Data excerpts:
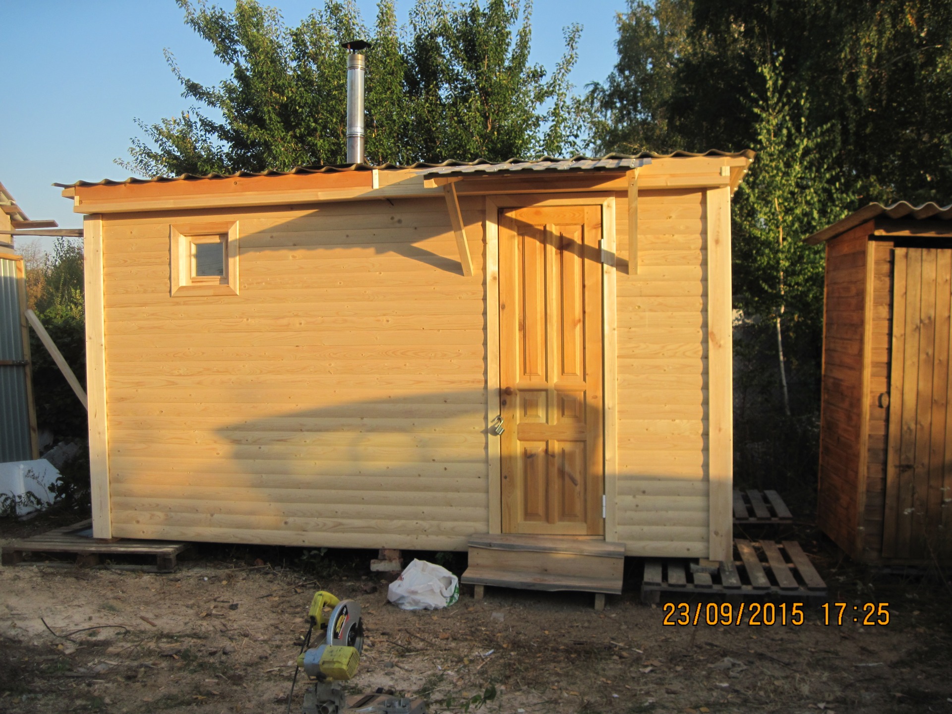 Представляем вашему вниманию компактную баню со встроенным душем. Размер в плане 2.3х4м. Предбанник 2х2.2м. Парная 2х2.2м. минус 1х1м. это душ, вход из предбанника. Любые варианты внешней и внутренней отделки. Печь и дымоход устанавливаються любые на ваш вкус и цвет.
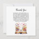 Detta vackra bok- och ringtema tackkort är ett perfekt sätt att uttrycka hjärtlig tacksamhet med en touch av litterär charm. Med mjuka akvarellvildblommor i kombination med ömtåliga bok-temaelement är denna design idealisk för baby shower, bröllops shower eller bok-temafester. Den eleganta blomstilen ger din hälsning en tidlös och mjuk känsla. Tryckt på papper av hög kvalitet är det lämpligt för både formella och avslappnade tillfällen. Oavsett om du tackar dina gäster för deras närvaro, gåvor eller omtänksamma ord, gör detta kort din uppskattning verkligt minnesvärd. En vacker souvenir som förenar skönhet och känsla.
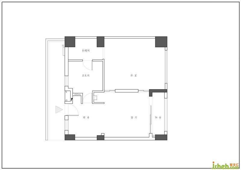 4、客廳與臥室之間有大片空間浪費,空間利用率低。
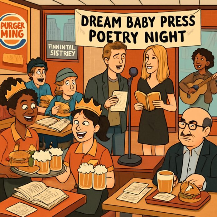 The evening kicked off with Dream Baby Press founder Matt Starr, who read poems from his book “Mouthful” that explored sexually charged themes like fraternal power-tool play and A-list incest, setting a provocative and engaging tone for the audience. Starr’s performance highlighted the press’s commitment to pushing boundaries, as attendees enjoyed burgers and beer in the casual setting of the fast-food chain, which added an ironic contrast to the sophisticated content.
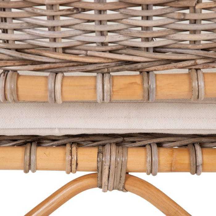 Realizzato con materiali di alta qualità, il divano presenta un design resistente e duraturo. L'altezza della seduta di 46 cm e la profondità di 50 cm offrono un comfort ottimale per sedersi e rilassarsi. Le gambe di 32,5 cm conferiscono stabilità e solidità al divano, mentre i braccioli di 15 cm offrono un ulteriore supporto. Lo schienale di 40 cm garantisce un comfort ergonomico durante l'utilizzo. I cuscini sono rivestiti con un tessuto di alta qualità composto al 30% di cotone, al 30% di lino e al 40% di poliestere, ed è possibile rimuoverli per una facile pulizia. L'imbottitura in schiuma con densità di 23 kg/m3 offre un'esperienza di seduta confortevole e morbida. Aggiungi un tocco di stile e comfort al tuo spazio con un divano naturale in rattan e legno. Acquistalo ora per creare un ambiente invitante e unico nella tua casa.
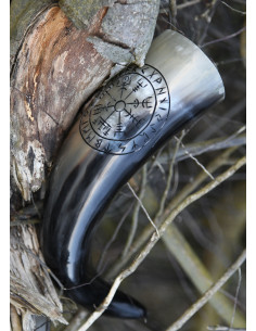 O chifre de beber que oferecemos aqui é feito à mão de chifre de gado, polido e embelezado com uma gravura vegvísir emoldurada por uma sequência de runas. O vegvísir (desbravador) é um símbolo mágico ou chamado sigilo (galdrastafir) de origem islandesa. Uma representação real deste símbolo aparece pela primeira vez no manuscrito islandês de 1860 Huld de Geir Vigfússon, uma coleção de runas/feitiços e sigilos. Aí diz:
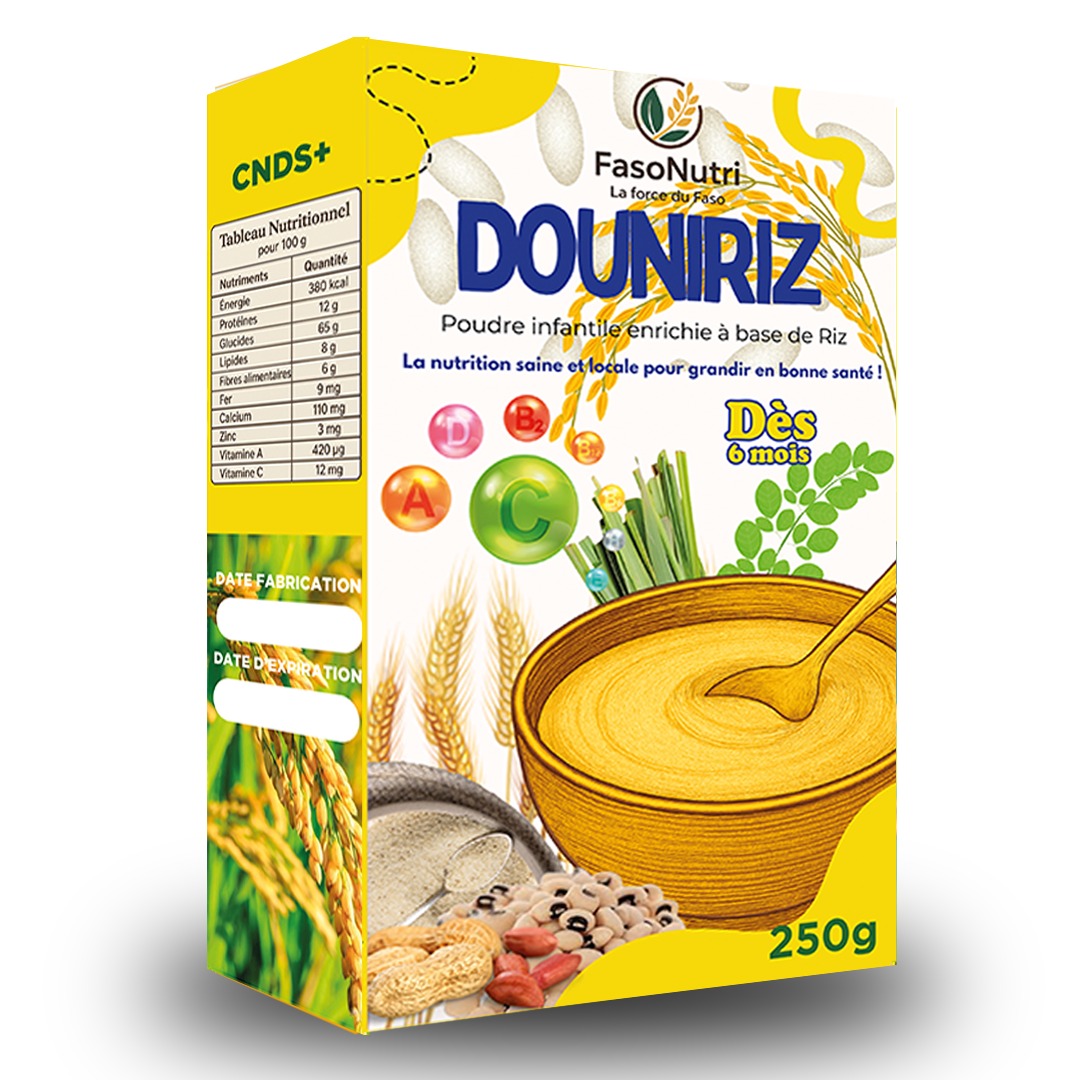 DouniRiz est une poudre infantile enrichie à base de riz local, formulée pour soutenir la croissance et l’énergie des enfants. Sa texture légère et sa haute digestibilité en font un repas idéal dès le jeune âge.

### WORK INSTRUCTION
Skip all pictures. Copy exactly the lines from the one containing "O chifre de" through the end of the records, both ends included.

### RESULT
 O chifre de beber que oferecemos aqui é feito à mão de chifre de gado, polido e embelezado com uma gravura vegvísir emoldurada por uma sequência de runas. O vegvísir (desbravador) é um símbolo mágico ou chamado sigilo (galdrastafir) de origem islandesa. Uma representação real deste símbolo aparece pela primeira vez no manuscrito islandês de 1860 Huld de Geir Vigfússon, uma coleção de runas/feitiços e sigilos. Aí diz:
 DouniRiz est une poudre infantile enrichie à base de riz local, formulée pour soutenir la croissance et l’énergie des enfants. Sa texture légère et sa haute digestibilité en font un repas idéal dès le jeune âge.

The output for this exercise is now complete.